▶ _Task prompt_
None of the images should appear in your copy. Transcribe the data in full.

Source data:
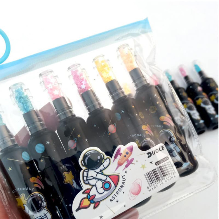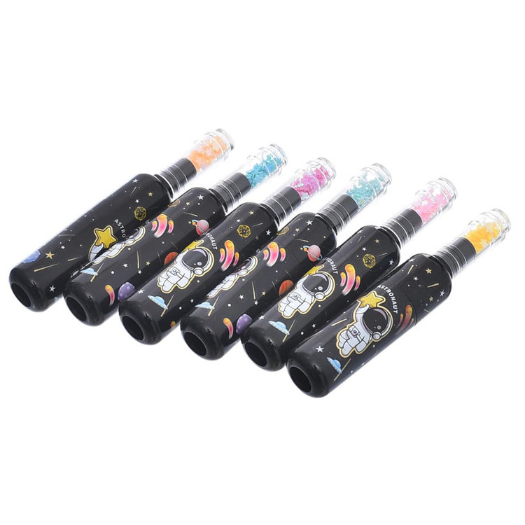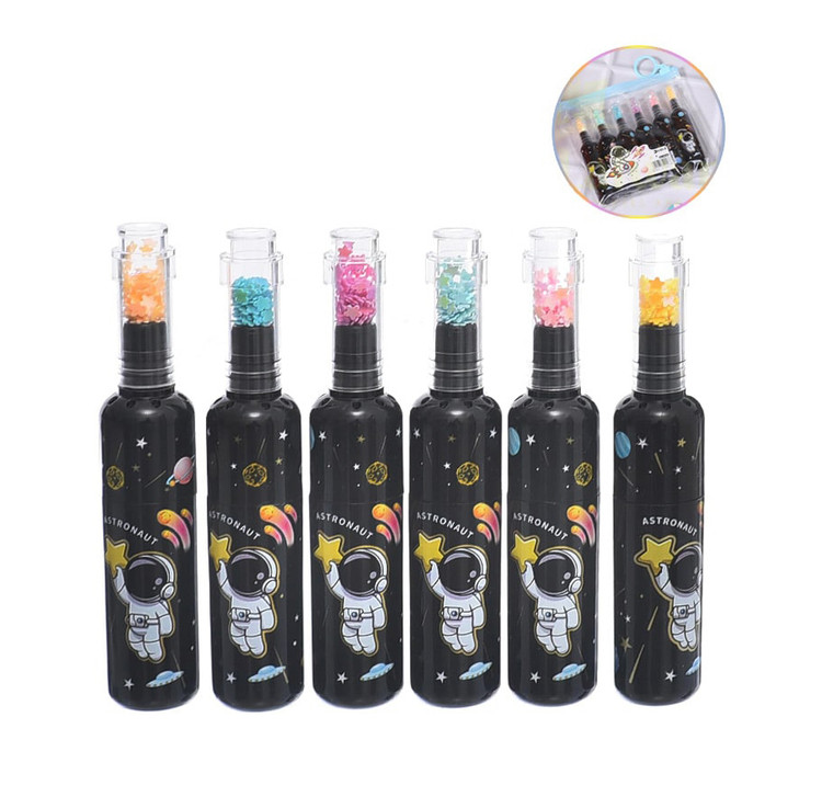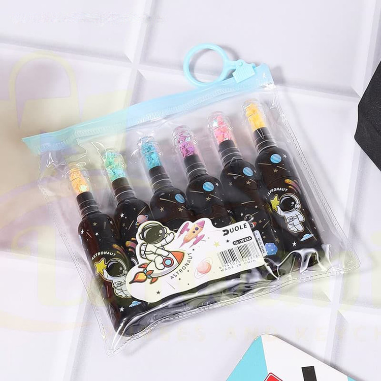 هایلایتر کپسولی طرح فضانورد شامل 6 عدد هایلایت کهکشانی فانتزی در 6 رنگ مختلف است که درون یک کیف پلاستیکی شفاف بستهبندی شدهاند.
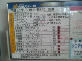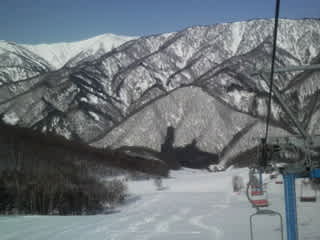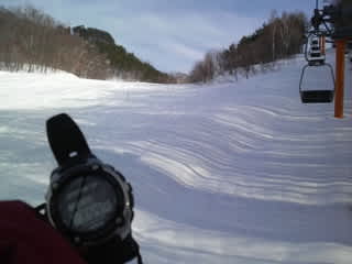 最終日なのですべてのコースを滑ってみるべく、午前中はレッド→オレンジアウト、イン→ブルーハイウエイ、イン、センター、アウト→猪谷→スーパーブラック。
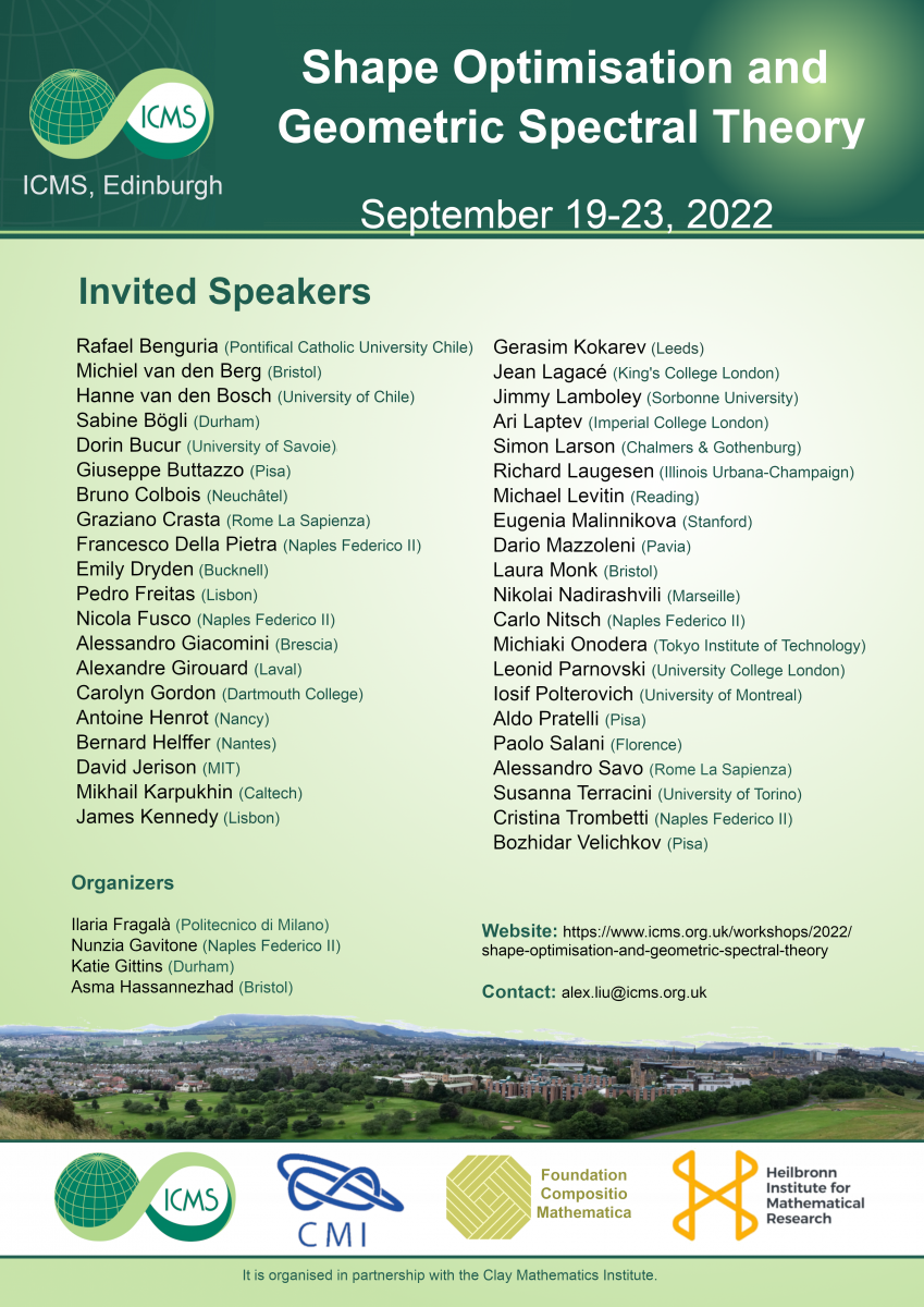 The workshop aimed to bring together both senior leading figures and emerging experts in the fields of shape optimisation, spectral inequalities, Robin and Steklov eigenvalue problems, properties of eigenfunctions and solutions to PDEs.
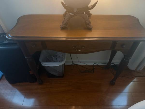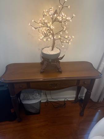 Beautiful solid wood Ethan Allen table measuring 42” long x 15” deep x 29” high.
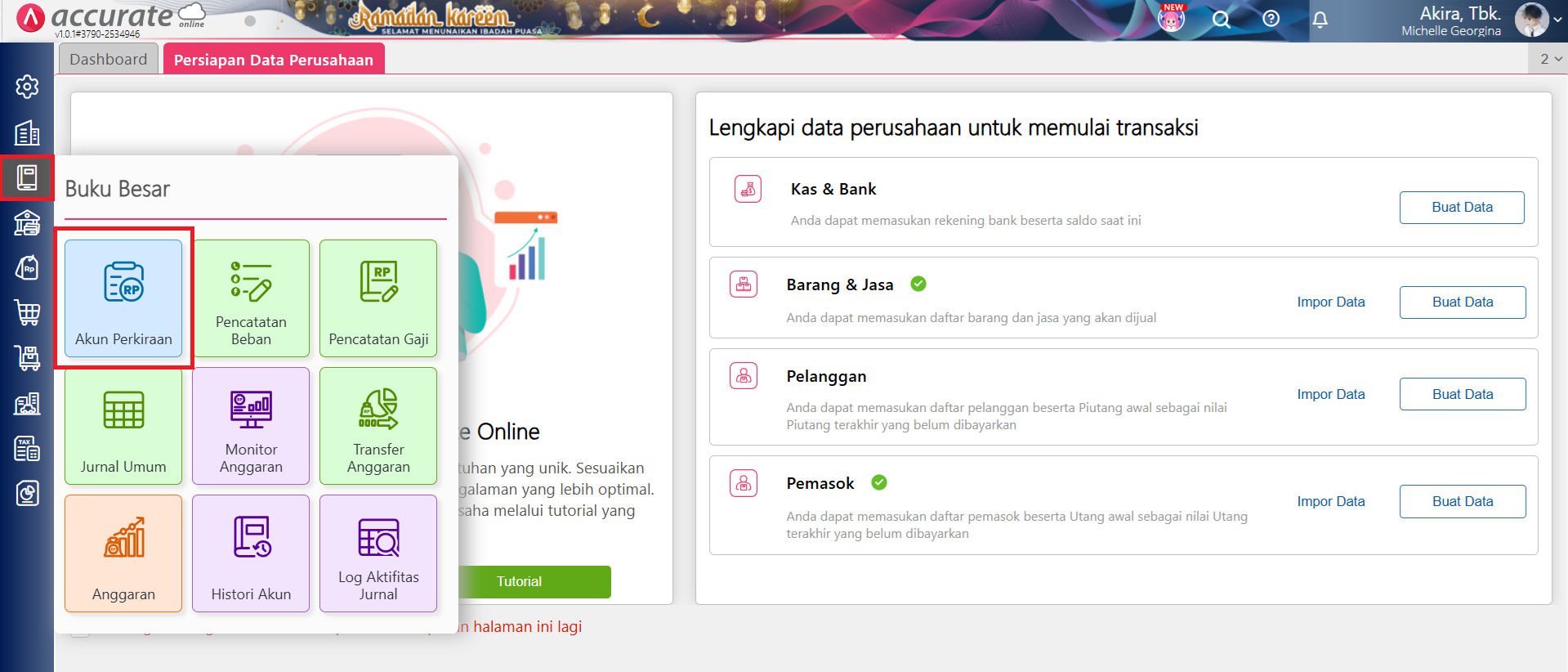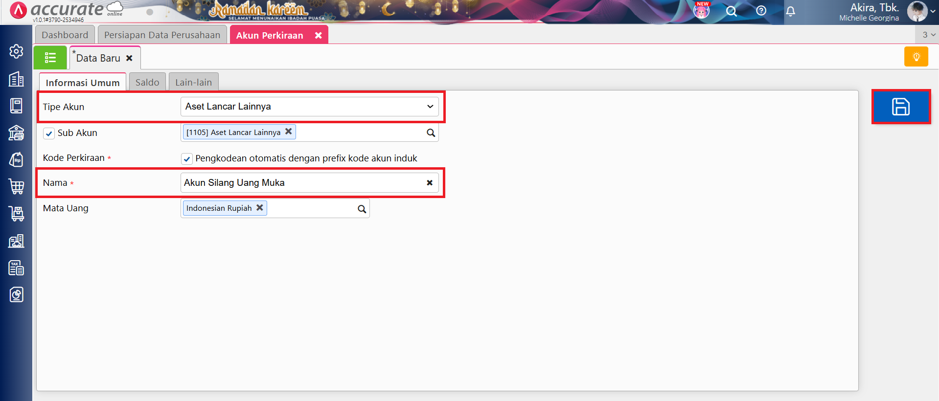 - Buat akun perkiraan dengan tipe akun Aset Lancar Lainnya melalui menu Buku Besar | Akun Perkiraan, dan berikan nama akun tersebut (misal, Akun Silang Uang Muka).

▶ _Your solution_
 هایلایتر کپسولی طرح فضانورد شامل 6 عدد هایلایت کهکشانی فانتزی در 6 رنگ مختلف است که درون یک کیف پلاستیکی شفاف بستهبندی شدهاند.
 最終日なのですべてのコースを滑ってみるべく、午前中はレッド→オレンジアウト、イン→ブルーハイウエイ、イン、センター、アウト→猪谷→スーパーブラック。
 The workshop aimed to bring together both senior leading figures and emerging experts in the fields of shape optimisation, spectral inequalities, Robin and Steklov eigenvalue problems, properties of eigenfunctions and solutions to PDEs.
 Beautiful solid wood Ethan Allen table measuring 42” long x 15” deep x 29” high.
 - Buat akun perkiraan dengan tipe akun Aset Lancar Lainnya melalui menu Buku Besar | Akun Perkiraan, dan berikan nama akun tersebut (misal, Akun Silang Uang Muka).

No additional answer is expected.